RESEARCH
My dissertation examines the rise and fall of revolutionary workers’ councils in early twentieth-century Europe, uncovering the political horizons this period sought to open and the ways these horizons were dismantled or foreclosed. Thematizing the defeat of the workers’ councils amidst the rise of Fascism, the dissertation illuminates both the promises and the limits of grassroots politics and what I, following Antonio Gramsci, call “workers’ democracy”: the modes of insurgent self-government through which the working classes, broadly construed, lay claim to democratic control over the economic and political conditions of their collective existence.
In contrast to contemporary studies that treat the last century’s workers’ councils as a normative framework to be recovered, I examine them as historically embedded forms of insurgent self-government that emerged from — and were ultimately constrained by — the organizational ecologies and conflicting imaginaries of the interwar period. From this perspective, the council movements warrant scrutiny not so much for the resources they offer normative theory but for the strategic impasses they bring into view. By grasping the history of workers’ councils from the perspective of their collapse and unmaking, my project brings questions of reactionary opposition, coalitional failure, and participatory attrition into the foreground of debates on participatory democracy and anti-oligarchic politics.
The first part of the dissertation reconstructs the young Antonio Gramsci’s writings on workers’ councils during the Italian Biennio Rosso — the “two red years” of 1919-1920. Foregrounding Gramsci’s relatively neglected early journalistic writings, these chapters chart the meteoric trajectory of the council movement and its rapid eclipse by the rise of Fascism. I comb the archives of the interwar Italian Left to situate Gramsci and the workers’ councils within the intellectual and organizational entanglements of the period, bringing into view the formation, deformation, and dissolution of grassroots institutions and democratic capacities.

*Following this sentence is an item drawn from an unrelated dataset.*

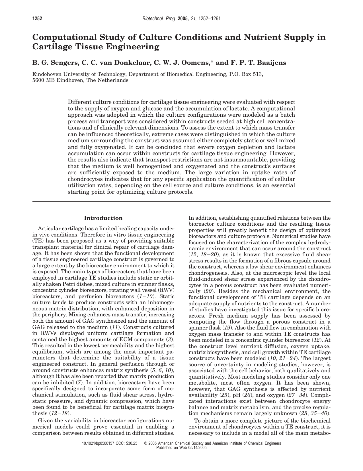 Biotechnol. Prog. 2005, 21, 1252−1261 1252 Computational Study of Culture Conditions and Nutrient Supply in Cartilage Tissue Engineering B. G. Sengers, C. C. van Donkelaar, C. W. J. Oomens,* and F. P. T. Baaijens Eindohoven University of Technology, Department of Biomedical Engineering, P.O. Box 513, 5600 MB Eindhoven, The Netherlands Different culture conditions for cartilage tissue engineering were evaluated with respect to the supply of oxygen and glucose and the accumulation of lactate. A computational approach was adopted in which the culture configurations were modeled as a batch process and transport was considered within constructs seeded at high cell concentrations and of clinically relevant dimensions. To assess the extent to which mass transfer can be influenced theoretically, extreme cases were distinguished in which the culture medium surrounding the construct was assumed either completely static or well mixed and fully oxygenated. It can be concluded that severe oxygen depletion and lactate accumulation can occur within constructs for cartilage tissue engineering. However, the results also indicate that transport restrictions are not insurmountable, providing that the medium is well homogenized and oxygenated and the construct’s surfaces are sufficiently exposed to the medium. The large variation in uptake rates of chondrocytes indicates that for any specific application the quantification of cellular utilization rates, depending on the cell source and culture conditions, is an essential starting point for optimizing culture protocols. Introduction Articular cartilage has a limited healing capacity under in vivo conditions. Therefore in vitro tissue engineering (TE) has been proposed as a way of providing suitable transplant material for clinical repair of cartilage damage. It has been shown that the functional development of a tissue engineered cartilage construct is governed to a large extent by the bioreactor environment to which it is exposed. The main types of bioreactors that have been employed in cartilage TE studies include static or orbitally shaken Petri dishes, mixed culture in spinner flasks, concentric cylinder bioreactors, rotating wall vessel (RWV) bioreactors, and perfusion bioreactors (1-10). Static culture tends to produce constructs with an inhomogeneous matrix distribution, with enhanced deposition in the periphery. Mixing enhances mass transfer, increasing both the amount of GAG synthesized and the amount of GAG released to the medium (11). Constructs cultured in RWVs displayed uniform cartilage formation and contained the highest amounts of ECM components (3). This resulted in the lowest permeability and the highest equilibrium, which are among the most important parameters that determine the suitability of a tissue engineered construct. In general perfusion through or around constructs enhances matrix synthesis (5, 6, 10), although it has also been reported that matrix production can be inhibited (7). In addition, bioreactors have been specifically designed to incorporate some form of mechanical stimulation, such as fluid shear stress, hydrostatic pressure, and dynamic compression, which have been found to be beneficial for cartilage matrix biosynthesis (12-18). Given the variability in bioreactor configurations numerical models could prove essential in enabling a comparison between results obtained in different studies. 10.1021/bp0500157 CCC: $30.25 In addition, establishing quantified relations between the bioreactor culture conditions and the resulting tissue properties will greatly benefit the design of optimized bioreactors and culture protocols. Numerical studies have focused on the characterization of the complex hydrodynamic environment that can occur around the construct (12, 18-20), as it is known that excessive fluid shear stress results in the formation of a fibrous capsule around the construct, whereas a low shear environment enhances chondrogenesis. Also, at the microscopic level the local fluid-induced shear stress experienced by the chondrocytes in a porous construct has been evaluated numerically (20). Besides the mechanical environment, the functional development of TE cartilage depends on an adequate supply of nutrients to the construct. A number of studies have investigated this issue for specific bioreactors. Fresh medium supply has been assessed by computing the flow through a porous construct in a spinner flask (19). Also the fluid flow in combination with oxygen mass transfer to and within TE constructs has been modeled in a concentric cylinder bioreactor (12). At the construct level nutrient diffusion, oxygen uptake, matrix biosynthesis, and cell growth within TE cartilage constructs have been modeled (10, 21-24). The largest source of uncertainty in modeling studies, however, is associated with the cell behavior, both qualitatively and quantitatively. Most modeling studies consider only one metabolite, most often oxygen. It has been shown, however, that GAG synthesis is affected by nutrient availability (25), pH (26), and oxygen (27-34). Complicated interactions exist between chondrocyte energy balance and matrix metabolism, and the precise regulation mechanisms remain largely unknown (28, 35-40). To obtain a more complete picture of the biochemical environment of chondrocytes within a TE construct, it is necessary to include in a model all of the main metabo- © 2005 American Chemical Society and American Institute of Chemical Engineers Published on Web 05/14/2005 Biotechnol. Prog., 2005, Vol. 21, No. 4 1253 Figure 1. Culture configurations. (A) Petri dish. (B) Compression setup. (C) Suspended in a tube. (D) Confined perfusion. lites, namely, glucose, oxygen, and lactate. In most cases nutrient transport has been modeled as steady state assuming constant boundary conditions, which is justified for a large medium volume. However, current TE studies are essentially batch processes in which a large medium volume may not be

The dissertation’s second part examines how Gramsci and his contemporaries made sense of the Left’s defeats in the period 1918-1926. Tracing Gramsci’s reconceptualization of workers’ councils, the political party, and the process of class composition in the later 1920s, these chapters explore institution-building under conditions of disarray, stagnation, and reaction. The aim is to recover analytic and strategic resources for re-building and re-organizing collective capacities when insurgency falters. What emerges is a framework of political pedagogy, praxis, and theory I call “Gramscian democracy”: a mode of action grounded in the ongoing re-articulation of class, education, and institutional experimentation guided by substantive commitments to social equality and democracy from below.